Aim of the exercise ▸ Reproduce exactly, and solely, the lines running from the top of the data below through the line with "- If the motor", both inclusive. Omit pictures.

** Opening Source data block **

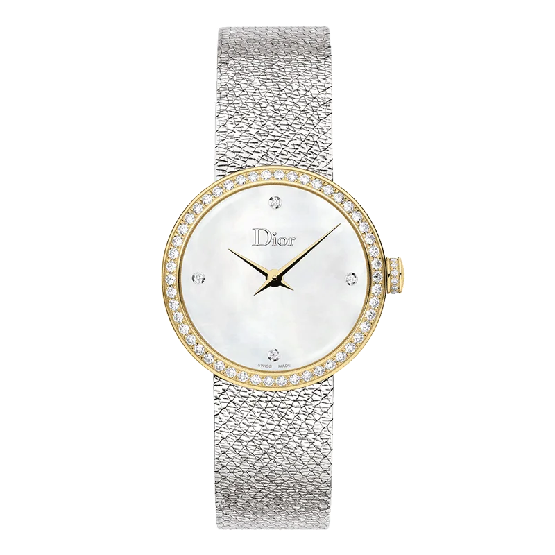 La D de Dior Satine Gold Watch with Pearl & Zircon Dial
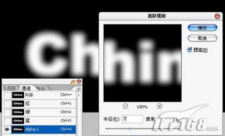 5.执行滤镜/模糊/高斯模糊,将模糊半径设置为7像素,单击确定按钮应用。如图5所示。
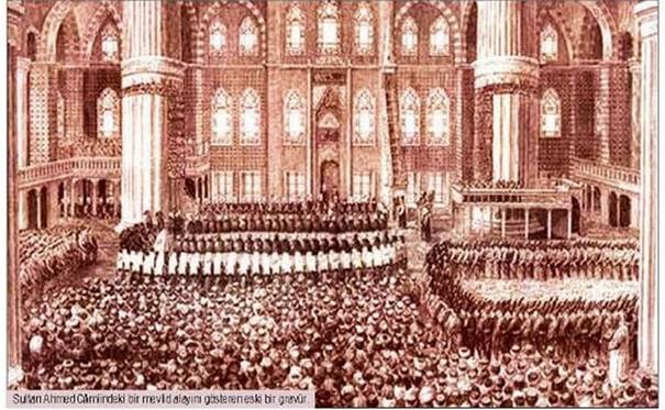 Sultan Ahmed Câmiindeki bir mevlid alayını gösteren eski bir gravür.
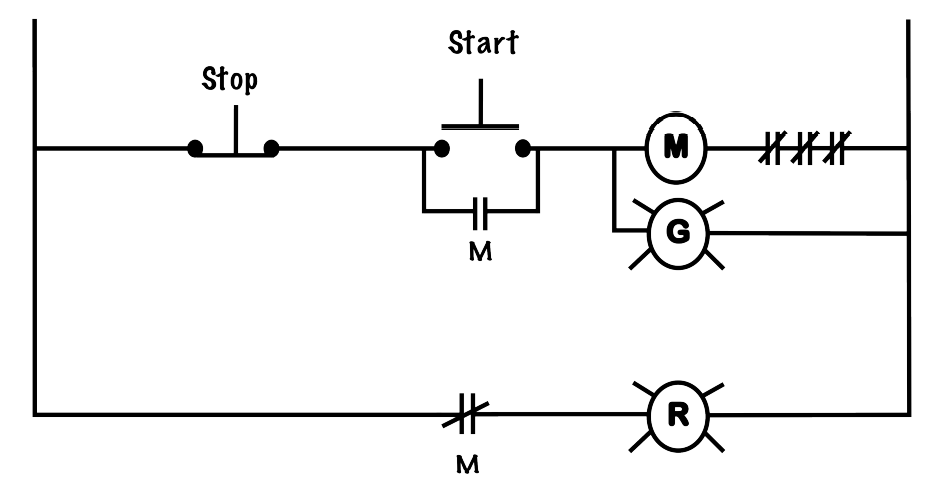 - If the motor starter in the drawing is energized and functioning properly, what should the voltage be across the normally open contact (M)?
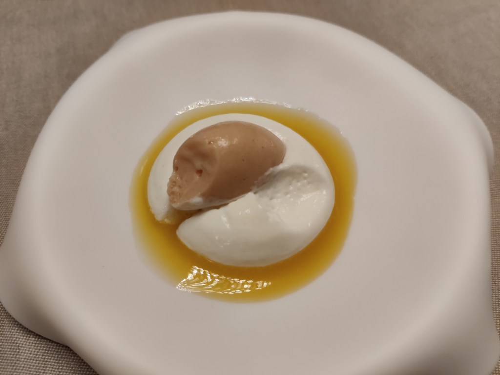 Das Pre-Dessert bestand aus einem Quittensorbet,Honig-Mascarpone-Espuma und Orangensud außen rum…vor lauter lecker, fast das Bild vergessen…

** Closing Source data block **

Reply ▸
 La D de Dior Satine Gold Watch with Pearl & Zircon Dial
 5.执行滤镜/模糊/高斯模糊,将模糊半径设置为7像素,单击确定按钮应用。如图5所示。
 Sultan Ahmed Câmiindeki bir mevlid alayını gösteren eski bir gravür.
 - If the motor starter in the drawing is energized and functioning properly, what should the voltage be across the normally open contact (M)?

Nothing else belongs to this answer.